Сказано: на того, третьего, пусть бы он и купил вещь у неизвестного лица, «татба снидеть», он и будет отвечать за кражу. Да ещё и со штрафом:
Статья 28: «Аче кто конь погубить, или оружье, или портъ, а заповесть на торгу, а после познаеть
Закличь, или заповедь на торгу запрещает принимать краденую вещь или беглого раба.
Картинка получается такая: разбойники Ярёмы Зуба — «краеведы», разбойничали в здешних местах, примерно — от Мологи до Ржева. Завтра Гвездонь вынесет награбленное Зубом на торг. Местные, может быть, опознают что-то своё. Пойдёт этот пресловутый «свод». Гвездонь укажет на меня, я — на Рыксу, она — на покойника Зуба. Гвездонь продавать будет не своё — моё, на продажу даденое. Фактически — он приказчик. Рыкса — почитай, голая, Зуб — мёртвый. Кроме как с меня — ни с кого ничего взыскать нельзя. Так ли, иначе — а на меня «татба снидеть», шмотки отберут, да ещё «3 гривны за обиду» по каждому случаю. Просто потому, что с других взять нечего. Это — не по закону, это — по жизни. Причём, «Правда» так интересно толкует, что компенсировать нужно не только конкретную украденную вещь, а все, которые были вместе с ней украдены или испорчены, хоть бы их у меня и не было.
Круто. Попал. То-то Рада так радостно улыбается. Вот же зараза… Только… «эксперт по сложным системам» — это тебе не хрен собачий! И я начинаю радостно улыбаться ей в ответ. Умный я, соломки подстелил. «Акт купли-продажи» — называется. Навык социалистического общества эпохи застоя — иметь бумажку. Закреплён и развит в условиях демократии. Как говаривал Жванецкий: «- А вот справка. — Тьфу! — Плевательница».

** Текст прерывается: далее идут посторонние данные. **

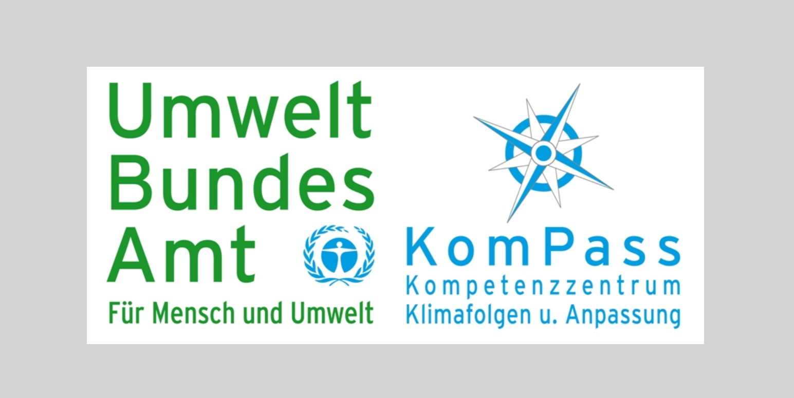 Logo aus einem grünen Schriftzug "Umweltbundesamt: Für Mensch und Umwelt" und einem blauen "KomPass: Kompetenzzentrum Klimafolgen u. Anpassung" Logo des Kompetenzzentrums für Klimafolgen und Anpassung (KomPass) von 2006

— Ох, и умна ж ты боярыня, светлая головушка у тебя. Светлая, да не всё высветила. По осени пришёл в ту усадьбу её хозяин, муж бедняжки Рыксы. С дружиной своей боярской, с вещичками разными. Его там разбойники убили. Муж стал покойником, майно его — Рыксино. Она — наследница. А уж она, не разбойнички, имущество — мне отдала. В оплату. За корм, за защиту да заботу, за труды мои разные. Об чём есть грамотка. Вот это, от Рыксы имение, мой человек завтра на торг и понесёт. На тех вещах — татьбы нет.
Хорошо, что сказала — а то влетел бы. Чистое от криминала — Гвездонь здесь толканёт, сомнительное — за Зубцом, в Смоленских землях. В чужой волости — свода нет.

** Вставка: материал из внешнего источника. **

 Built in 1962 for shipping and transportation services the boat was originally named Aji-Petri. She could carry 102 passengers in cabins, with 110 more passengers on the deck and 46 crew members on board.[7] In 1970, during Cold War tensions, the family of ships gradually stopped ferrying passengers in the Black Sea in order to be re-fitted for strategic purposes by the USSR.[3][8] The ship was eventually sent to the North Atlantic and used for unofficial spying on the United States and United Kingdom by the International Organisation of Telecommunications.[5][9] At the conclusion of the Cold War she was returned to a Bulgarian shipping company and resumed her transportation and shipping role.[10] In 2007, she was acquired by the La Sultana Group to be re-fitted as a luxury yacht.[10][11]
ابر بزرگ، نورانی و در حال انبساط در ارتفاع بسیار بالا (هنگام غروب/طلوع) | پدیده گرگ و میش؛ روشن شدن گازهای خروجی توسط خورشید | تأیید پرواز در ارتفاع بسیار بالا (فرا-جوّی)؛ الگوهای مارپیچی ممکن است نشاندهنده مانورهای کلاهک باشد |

Мой ответ ей… туфта, лепёж. Да, грамотка есть. Но документ имеет силу при наличии двух свидетелей. У меня там был один Сухан. Только она этого — не знает. Есть ряд тонкостей при вступлении в права наследования юной вдовы с маленьким сыном. Но в таких мелочах… она не уверена.
«Наезд»… завис. Улыбка у Рады как-то увяла. Лобик нахмурила, морщинка появилась. А я продолжаю дальше… разочаровывать.
— Вот говоришь ты, что меня тут не знает никто. Ан нет. Есть у меня поручитель. Земляка на торгу встретил. Гвездонь из Елно. Мы там с ним дела вели, подтвердить мои слова он может. А его здешние купцы давно знают. Что ж ты, Рада, честн'aя боярыня — видишь, да не разумеешь? Мы ж ним на твоём дворе полдня в крик рядились, а ты и не заметила?
Моя куча узлов и баулов — не позволяла просто извиниться и закрыть тему. Жаба-то — многих за горло берёт. Такое богачество, на собственном подворье… а не взять! Способность признавать собственные ошибки, отдавать схваченное, хоть бы и чисто в виртуальных рассуждениях — не является сильной стороной рода человеческого. Как, впрочем, и человекообразных предков наших. Про неизвлекаемый кулак с кашей — я уже…
«Я не херувим, но чту уголовный кодекс» — поэтому стараюсь в нём понимать. Но боярыня упорно пыталась капитализировать свои собственные познания в юриспруденции.
— А остальное-то?! Оно ж татями да душегубами у людей взятое!
— Всё может быть. Шишы ж речные. Только… А закличь на торгу был? А? Да и как человеку узнать вещь свою, когда она у меня в рогожку завёрнутая лежит? А на торг это майно не понесут. По крайней мере, здесь, в Твери. Или ты княжеских ярыжек на свой двор звать будешь? Так тебе с этого прибыли… бабушка надвое… А вот убыток… образуется точно.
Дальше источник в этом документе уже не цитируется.